(Records excerpted from a collection)
=== Section Start ===
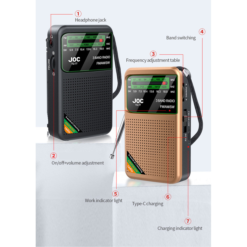 Pronta Entrega FM: 87,5-108 MHz MW: 522-1620 kHz 9K 520-1710 kHz 10K SW: 5,6-22 MHz O rádio meteorológico FM AM SW NOAA é extremamente portátil. Tamanho compacto de 125 x 74 x 30 mm, sem bateria. Você pode segurar o rádio de emergência com uma mão ou colocar este pequeno rádio meteorológico AM FM SW NOAA no seu bolso ou bolsa, ouvir seu rádio favorito e obter as últimas previsões meteorológicas a qualquer hora e em qualquer lugar. Aproveite suas transmissões favoritas e proteja sua vida. O rádio é um rádio de ondas curtas FM/AM de alta qualidade com frequências meteorológicas. O chip DSP melhora efetivamente a recepção de rádio, permitindo que você receba transmissões de todo o mundo. Rádio Meteorológico NOAA para Emergências: O rádio meteorológico recebe transmissões meteorológicas precisas de sete estações meteorológicas NOAA. Com este pequeno rádio portátil, você pode obter as últimas previsões meteorológicas locais, como tornados, furacões e tempestades, a qualquer hora e em qualquer lugar. Com este rádio de emergência, você pode se preparar para emergências com antecedência e proteger sua vida e a de sua família. Este rádio portátil de ondas curtas AM FM possui um alto-falante embutido potente que proporciona um som alto e claro. Com este rádio meteorológico de ondas curtas AM FM, você pode desfrutar de música de alta qualidade, vozes claras e transmissões meteorológicas em alto volume. O pequeno rádio de bolso também é equipado com um conector de fone de ouvido de 3,5 mm, para que você possa conectar fones de ouvido e mergulhar no mundo do rádio e da música. Rádio alimentado por bateria: O rádio meteorológico de ondas curtas XHDATA D221 AM FM é alimentado por duas pilhas AA. O produto não inclui pilhas. Quando a bateria acabar, basta removê-la e substituí-la por uma reserva. Acessórios do produto: 1 rádio portátil AM FM SW, 1 manual do usuário
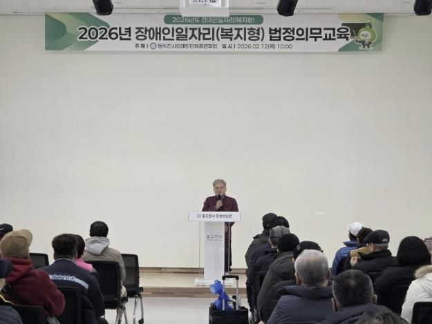 경기호연뉴스 민선기 기자 | 동두천시장애인단체총연합회는 장애인일자리(복지일자리) 참여자의 근로 권익 보호와 안전한 근무환경 조성을 위해 2026년 법정 의무교육을 실시했다. 이번 교육에는 참여자 103명이 참석했다.
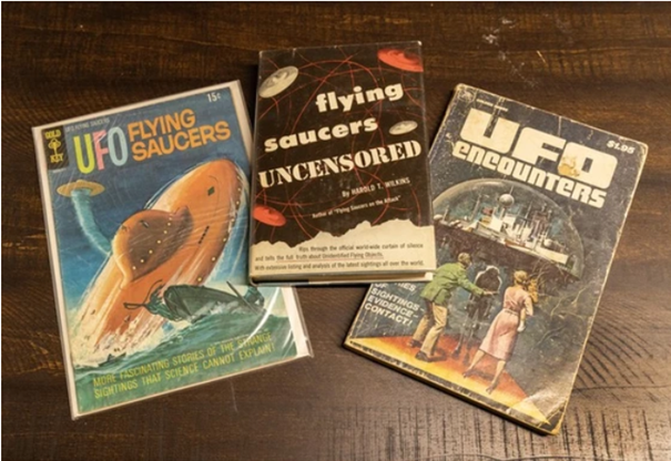 Revisar la colección es como tomar un curso intensivo de ufología. Hay docenas de libros y revistas sobre ovnis, desde un libro de bolsillo de 1950 titulado «Los platillos voladores son reales» de Donald Keyhoe hasta el libro de 1998 «Los extraterrestres y el bisturí: Prueba científica de implantes extraterrestres en humanos» del Dr. Roger K. Leir.
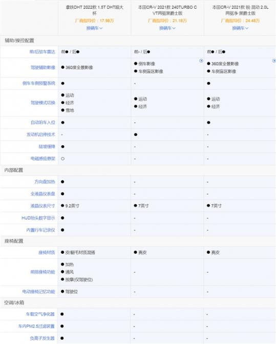 具體一些,我們就與雙田混動(dòng)之一的本田CR-V,以及其銳·混動(dòng)款車型對(duì)比。如圖所示,比對(duì)三款車型兩驅(qū)頂配,最先讓人印象深刻的就是三款車型售價(jià),各自相差幾乎都在2萬(wàn)元之間,然而拿鐵DHT與最貴的CR-V銳·混動(dòng)才是真正意義上的競(jìng)品,而CR-V作為合資燃油車,其高油耗特點(diǎn)是注定了無(wú)法與拿鐵DHT相對(duì)抗。
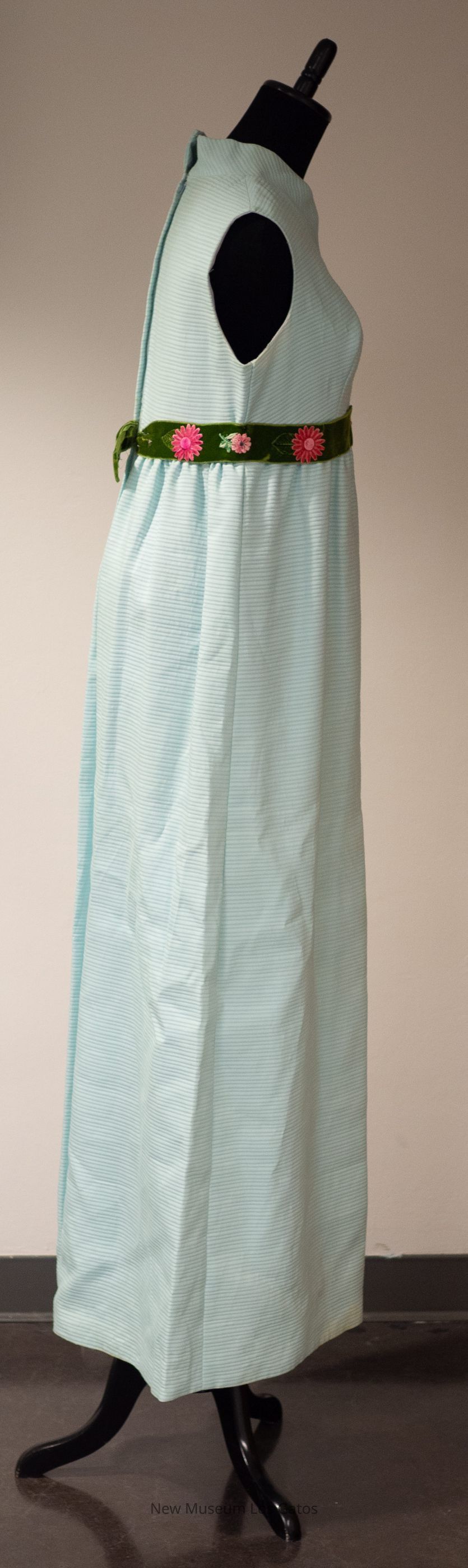 A long, sleeveless aquamarine dress. The fabric has small-scale horizontal stripes throughout. There is a velvet green waistband with pink floral decorative elements. The neckline is V-shaped. The dress opens in the back with a zipper.Collection
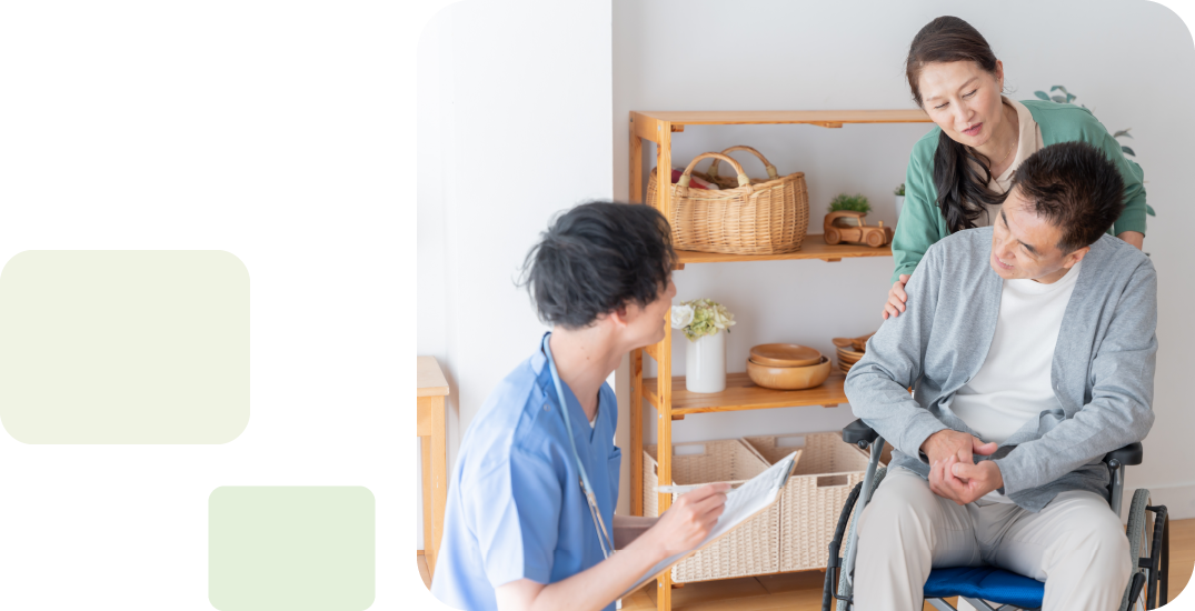 住み慣れたご自宅や地域で暮らせるよう、「すいじゅの杜」に在籍するケアマネージャーがケアプランを作成し、その後のケアの実行を見守り、管理します。またサービス利用の際に必要な介護保険の申請代行や在宅療養についての相談も行います。
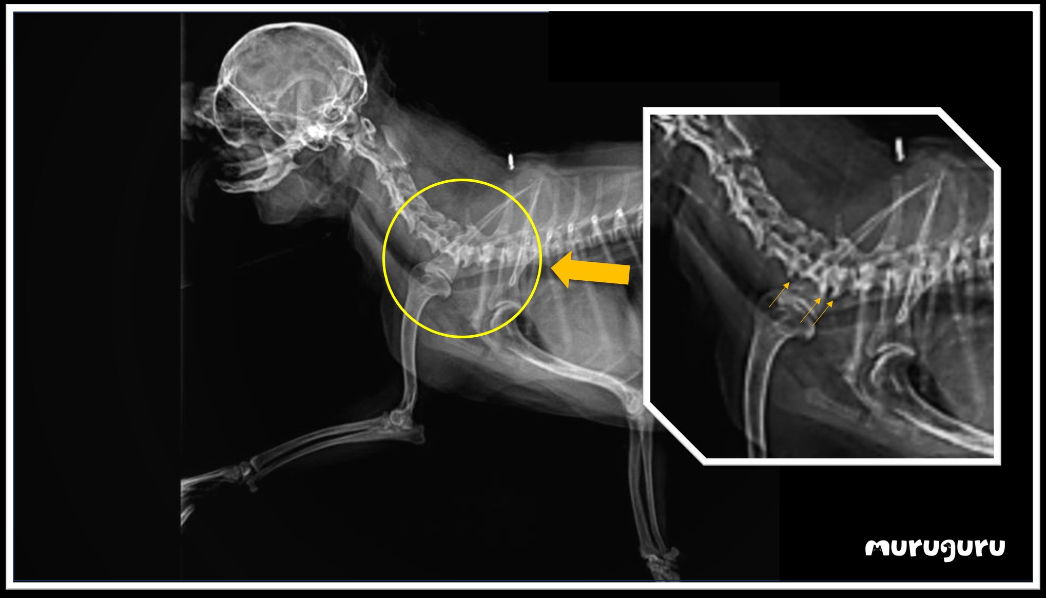 在老年貓狗中,骨刺是一種相當常見的毛病,通常在兩塊骨骼的交界處出現骨質增生。根據X光影像,波波的第五至七節頸椎出現了微小的骨刺,雖然數量不多,但突出來壓迫了傳遞去右手的神經線,對神經傳遞造成影響,結果右手失去了神經反射,導致癱瘓的情況發生。
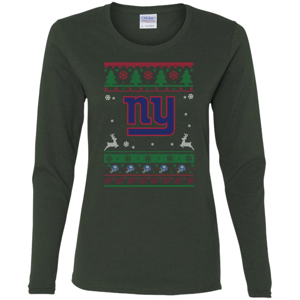 * New York Giants Logo Football Teams Ugly Christmas Sweater Women Long Sleeve Shirt :
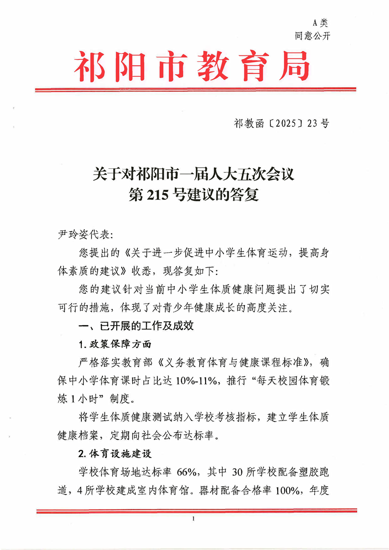 祁教函[2025]23号 关于对祁阳市一届人大五次会议第215号建议的答复
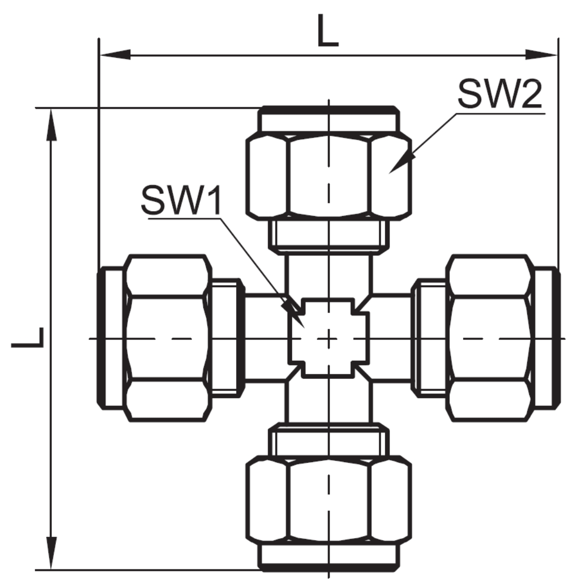 80.1030.14 - Czwórnik skręcany do do rur miedzianych 14, mosiądz/10510-A/
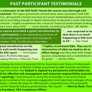Lecturers include leading experts in the sustainable investing field and the session participants will come away with an understanding of why corporate ESG matters in investing, and how to apply ESG factors to corporate valuations; analysis of reputation, risk, opportunity and other aspects of financial analysis.
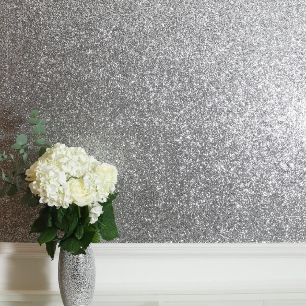 Calculate QuantitySparkly and shimmering, this sequin finish wallpaper in silver will bring maximum glitz to any space. Team it with painted walls, a striking patterned paper or even throughout a room for a fabulous effect. It really is a paper designed to turn heads. With a textured metallic finish, light bounces off in every direction, for glamour by day and by night. Hang it in a kid's bedroom, walk in wardrobe, cloakroom or feature wall for instant luxury. Suitable for most rooms except high moisture environments. The size of this roll is 6m. x 0.53m.
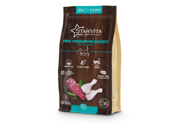 StarVita sausas maistas lauko katėms su antiena ir vištiena – 1,5 kg
=== Section End ===
» DIRECTIONS
Copy each entry exactly, with no pictures.

» TASK RESPONSE
 Pronta Entrega FM: 87,5-108 MHz MW: 522-1620 kHz 9K 520-1710 kHz 10K SW: 5,6-22 MHz O rádio meteorológico FM AM SW NOAA é extremamente portátil. Tamanho compacto de 125 x 74 x 30 mm, sem bateria. Você pode segurar o rádio de emergência com uma mão ou colocar este pequeno rádio meteorológico AM FM SW NOAA no seu bolso ou bolsa, ouvir seu rádio favorito e obter as últimas previsões meteorológicas a qualquer hora e em qualquer lugar. Aproveite suas transmissões favoritas e proteja sua vida. O rádio é um rádio de ondas curtas FM/AM de alta qualidade com frequências meteorológicas. O chip DSP melhora efetivamente a recepção de rádio, permitindo que você receba transmissões de todo o mundo. Rádio Meteorológico NOAA para Emergências: O rádio meteorológico recebe transmissões meteorológicas precisas de sete estações meteorológicas NOAA. Com este pequeno rádio portátil, você pode obter as últimas previsões meteorológicas locais, como tornados, furacões e tempestades, a qualquer hora e em qualquer lugar. Com este rádio de emergência, você pode se preparar para emergências com antecedência e proteger sua vida e a de sua família. Este rádio portátil de ondas curtas AM FM possui um alto-falante embutido potente que proporciona um som alto e claro. Com este rádio meteorológico de ondas curtas AM FM, você pode desfrutar de música de alta qualidade, vozes claras e transmissões meteorológicas em alto volume. O pequeno rádio de bolso também é equipado com um conector de fone de ouvido de 3,5 mm, para que você possa conectar fones de ouvido e mergulhar no mundo do rádio e da música. Rádio alimentado por bateria: O rádio meteorológico de ondas curtas XHDATA D221 AM FM é alimentado por duas pilhas AA. O produto não inclui pilhas. Quando a bateria acabar, basta removê-la e substituí-la por uma reserva. Acessórios do produto: 1 rádio portátil AM FM SW, 1 manual do usuário
 경기호연뉴스 민선기 기자 | 동두천시장애인단체총연합회는 장애인일자리(복지일자리) 참여자의 근로 권익 보호와 안전한 근무환경 조성을 위해 2026년 법정 의무교육을 실시했다. 이번 교육에는 참여자 103명이 참석했다.
 Revisar la colección es como tomar un curso intensivo de ufología. Hay docenas de libros y revistas sobre ovnis, desde un libro de bolsillo de 1950 titulado «Los platillos voladores son reales» de Donald Keyhoe hasta el libro de 1998 «Los extraterrestres y el bisturí: Prueba científica de implantes extraterrestres en humanos» del Dr. Roger K. Leir.
 具體一些,我們就與雙田混動(dòng)之一的本田CR-V,以及其銳·混動(dòng)款車型對(duì)比。如圖所示,比對(duì)三款車型兩驅(qū)頂配,最先讓人印象深刻的就是三款車型售價(jià),各自相差幾乎都在2萬(wàn)元之間,然而拿鐵DHT與最貴的CR-V銳·混動(dòng)才是真正意義上的競(jìng)品,而CR-V作為合資燃油車,其高油耗特點(diǎn)是注定了無(wú)法與拿鐵DHT相對(duì)抗。
 A long, sleeveless aquamarine dress. The fabric has small-scale horizontal stripes throughout. There is a velvet green waistband with pink floral decorative elements. The neckline is V-shaped. The dress opens in the back with a zipper.Collection
 住み慣れたご自宅や地域で暮らせるよう、「すいじゅの杜」に在籍するケアマネージャーがケアプランを作成し、その後のケアの実行を見守り、管理します。またサービス利用の際に必要な介護保険の申請代行や在宅療養についての相談も行います。
 在老年貓狗中,骨刺是一種相當常見的毛病,通常在兩塊骨骼的交界處出現骨質增生。根據X光影像,波波的第五至七節頸椎出現了微小的骨刺,雖然數量不多,但突出來壓迫了傳遞去右手的神經線,對神經傳遞造成影響,結果右手失去了神經反射,導致癱瘓的情況發生。
 * New York Giants Logo Football Teams Ugly Christmas Sweater Women Long Sleeve Shirt :
 祁教函[2025]23号 关于对祁阳市一届人大五次会议第215号建议的答复
 80.1030.14 - Czwórnik skręcany do do rur miedzianych 14, mosiądz/10510-A/
Lecturers include leading experts in the sustainable investing field and the session participants will come away with an understanding of why corporate ESG matters in investing, and how to apply ESG factors to corporate valuations; analysis of reputation, risk, opportunity and other aspects of financial analysis.
 Calculate QuantitySparkly and shimmering, this sequin finish wallpaper in silver will bring maximum glitz to any space. Team it with painted walls, a striking patterned paper or even throughout a room for a fabulous effect. It really is a paper designed to turn heads. With a textured metallic finish, light bounces off in every direction, for glamour by day and by night. Hang it in a kid's bedroom, walk in wardrobe, cloakroom or feature wall for instant luxury. Suitable for most rooms except high moisture environments. The size of this roll is 6m. x 0.53m.
 StarVita sausas maistas lauko katėms su antiena ir vištiena – 1,5 kg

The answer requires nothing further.